Sudaryoni menegaskan tingginya harga CPO seharusnya tidak lantas membuat harga Minyakita dijual diatas Harga Eceran Tertinggi (HET) yang ditetapkan Rp 15.700 per liter. Pasalnya dia meyakini, produsen tidak merugi jika menjual sesuai HET.
"Dengan harga CPO (naik) pun perusahaan tidak jual rugi, dia enggak rugi, cuma memang tidak untuk sebanyak kalau dia ekspor," kata Sudaryono dijumpai di Gedung Parlemen, Selasa (11/3).
Baca Juga: Kemendag Sebut Perusahaan Nakal yang Sunat Takaran Minyakita Sudah Disegel
Sudaryono menjelaskan HET Minyak Goreng pemerintah ini sudah disesuaikan beberapa kali dengan mempertimbangkan harga bahan baku yang ada.
Sudaryono memahami kenaikan harga CPO ini membuat minat produsen untuk ekspor semakin tinggi. Namun, dia juga mengingatkan ada kewajiban dalam negeri (DMO) yang memang harus dipenuhi oleh produsen.
Kebijakan DMO ini dilakukan agar pasokan minyak goreng dalam negeri termasuk Minyakita tetap tercukupi.
"Kita produsen sawit terbesar di dunia lo, masa minyak goreng langka di negara kita, itu kan paradoks banget," ujarnya.

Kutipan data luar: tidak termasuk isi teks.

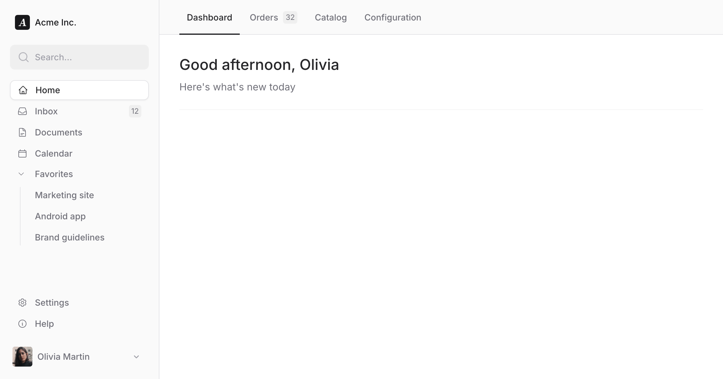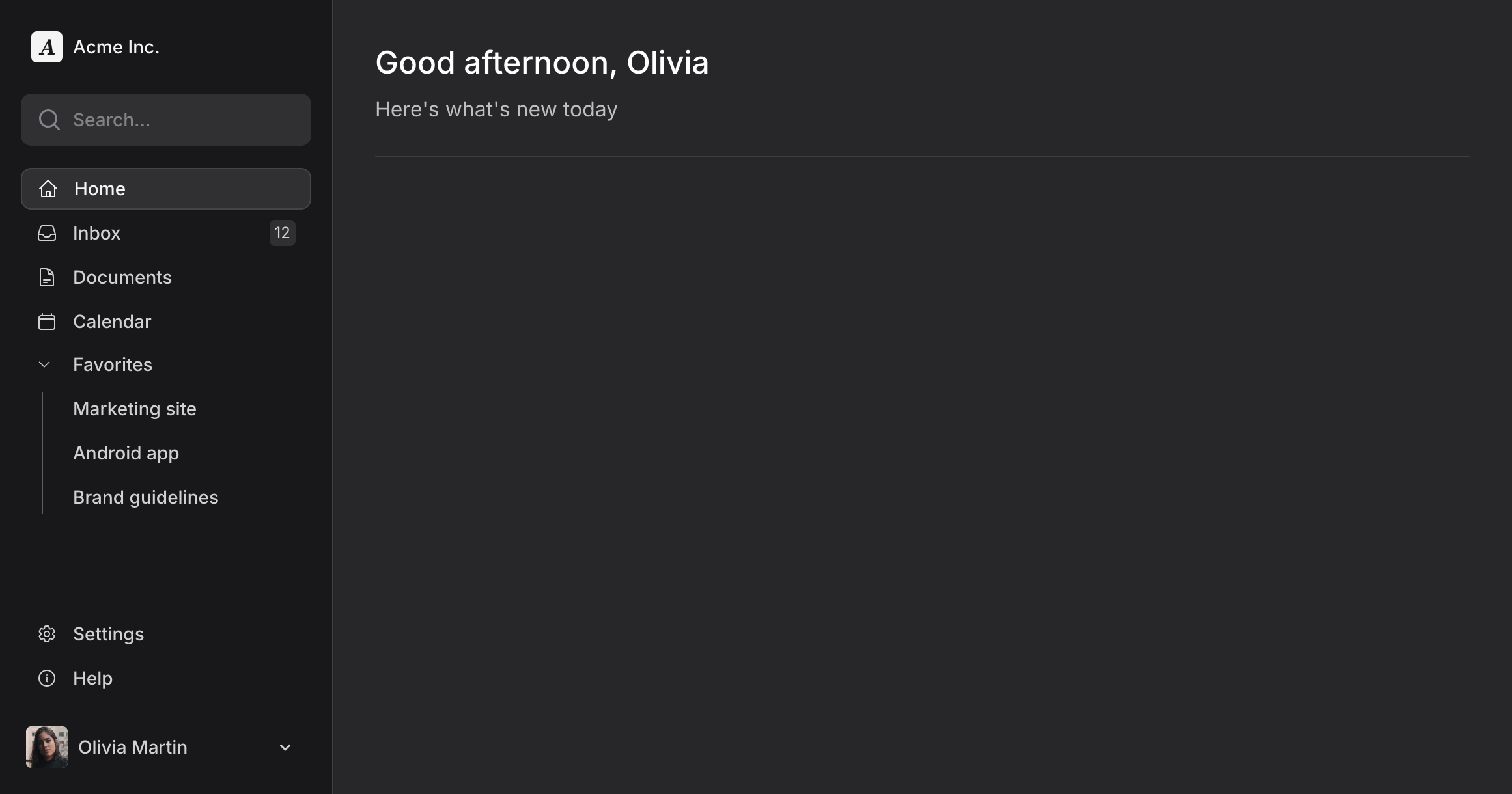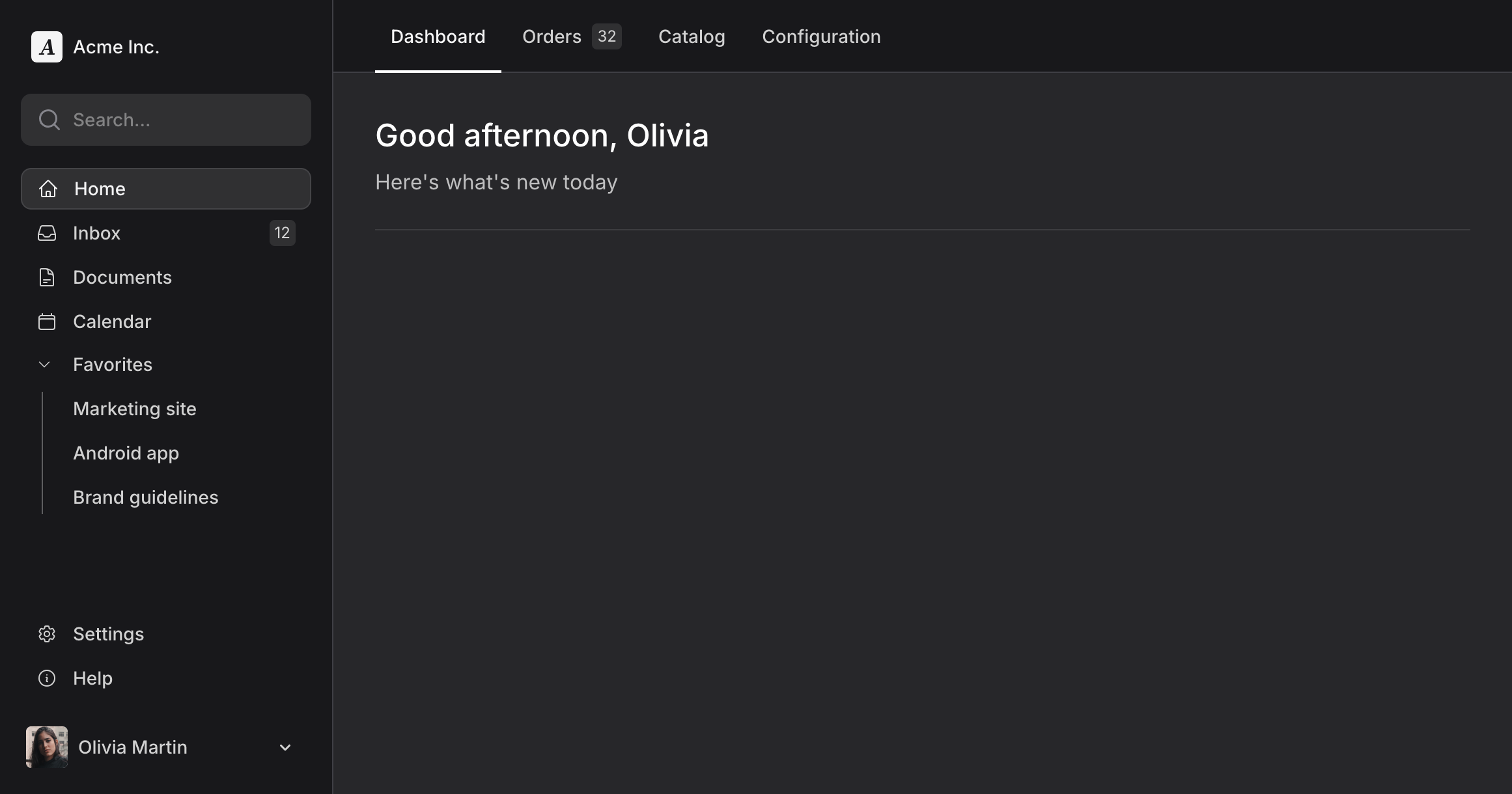 <head>    <!-- ... -->    @fluxAppearance</head><body class="min-h-screen bg-white dark:bg-zinc-800">    <flux:sidebar sticky collapsible="mobile" class="bg-zinc-50 dark:bg-zinc-900 border-r border-zinc-200 dark:border-zinc-700">        <flux:sidebar.header>            <flux:sidebar.brand                href="#"                logo="https://fluxui.dev/img/demo/logo.png"                logo:dark="https://fluxui.dev/img/demo/dark-mode-logo.png"                name="Acme Inc."            />            <flux:sidebar.collapse class="lg:hidden" />        </flux:sidebar.header>        <flux:sidebar.search placeholder="Search..." />        <flux:sidebar.nav>            <flux:sidebar.item icon="home" href="#" current>Home</flux:sidebar.item>            <flux:sidebar.item icon="inbox" badge="12" href="#">Inbox</flux:sidebar.item>            <flux:sidebar.item icon="document-text" href="#">Documents</flux:sidebar.item>            <flux:sidebar.item icon="calendar" href="#">Calendar</flux:sidebar.item>            <flux:sidebar.group expandable heading="Favorites" class="grid">                <flux:sidebar.item href="#">Marketing site</flux:sidebar.item>                <flux:sidebar.item href="#">Android app</flux:sidebar.item>                <flux:sidebar.item href="#">Brand guidelines</flux:sidebar.item>            </flux:sidebar.group>        </flux:sidebar.nav>        <flux:sidebar.spacer />        <flux:sidebar.nav>            <flux:sidebar.item icon="cog-6-tooth" href="#">Settings</flux:sidebar.item>            <flux:sidebar.item icon="information-circle" href="#">Help</flux:sidebar.item>        </flux:sidebar.nav>        <flux:dropdown position="top" align="start" class="max-lg:hidden">            <flux:sidebar.profile avatar="https://fluxui.dev/img/demo/user.png" name="Olivia Martin" />            <flux:menu>                <flux:menu.radio.group>                    <flux:menu.radio checked>Olivia Martin</flux:menu.radio>                    <flux:menu.radio>Truly Delta</flux:menu.radio>                </flux:menu.radio.group>                <flux:menu.separator />                <flux:menu.item icon="arrow-right-start-on-rectangle">Logout</flux:menu.item>            </flux:menu>        </flux:dropdown>    </flux:sidebar>    <flux:header class="lg:hidden">        <flux:sidebar.toggle class="lg:hidden" icon="bars-2" inset="left" />        <flux:spacer />        <flux:dropdown position="top" alignt="start">            <flux:profile avatar="https://fluxui.dev/img/demo/user.png" />            <flux:menu>                <flux:menu.radio.group>                    <flux:menu.radio checked>Olivia Martin</flux:menu.radio>                    <flux:menu.radio>Truly Delta</flux:menu.radio>                </flux:menu.radio.group>                <flux:menu.separator />                <flux:menu.item icon="arrow-right-start-on-rectangle">Logout</flux:menu.item>            </flux:menu>        </flux:dropdown>    </flux:header>    <flux:main>        <flux:heading size="xl" level="1">Good afternoon, Olivia</flux:heading>        <flux:text class="mb-6 mt-2 text-base">Here's what's new today</flux:text>        <flux:separator variant="subtle" />    </flux:main>    @fluxScripts</body>使用顶部页头承载次级导航。

Sebelumnya, pengamat Pertanian dan Asosiasi Ekonomi Politik Indonesia (AEPI), Khudori merespon temuan perusahaan Minyakita yang diduga melakukan pelanggaran dengan tidak sesuai takaran dan HET (Harga Eceran Tertiggi).

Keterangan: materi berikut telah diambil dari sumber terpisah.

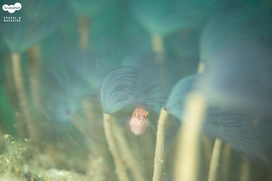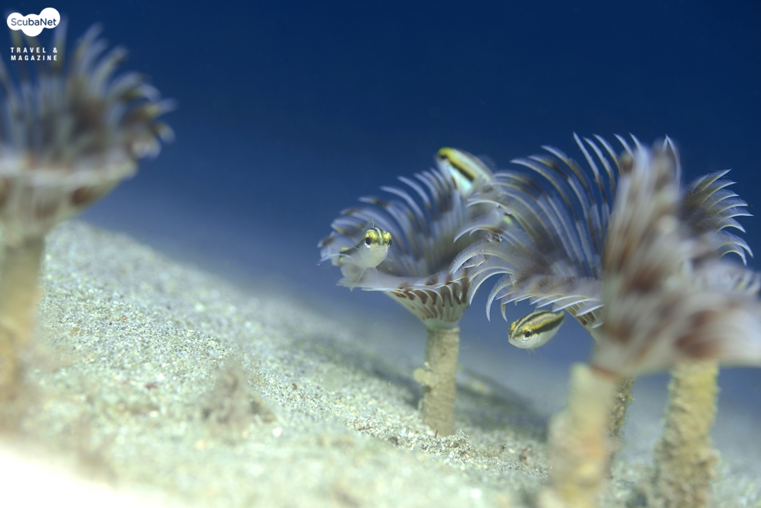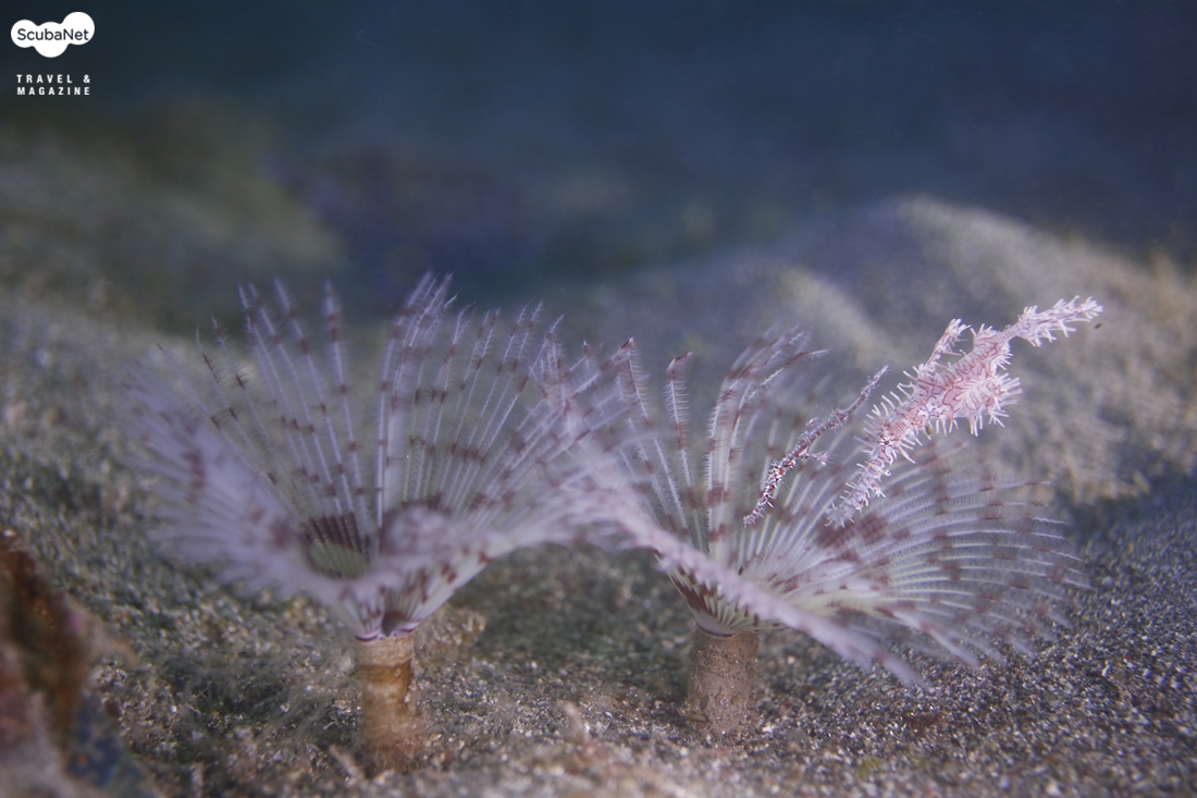 50mm 렌즈로 고스트 파이프피쉬와 튜브웜을 촬영하였다.

Baca Juga: Kasus Volume Minyakita Disunat, Politisi PDIP: Rakyat Dibohongi Lagi dan Lagi
Khudori menduga hal ini terjadi karena biaya pokok produksi sudah jauh melampaui Harga Eceran Tertinggi (HET) yang ditetapkan pemerintah yakni Rp 15.700 per liter.
Khudori menjelaskan harga bahan baku minyak goreng yakni crude palm oil (CPO) dalam negeri selama 6 bulan terakhir sekitar Rp 15.000-16.000 per kg. Harga bahan baku ini jauh lebih tinggi dari hitungan harga CPO yang ditetapkan pemerintah untuk bahan baku MinyaKita yakni Rp 13.400 per kg.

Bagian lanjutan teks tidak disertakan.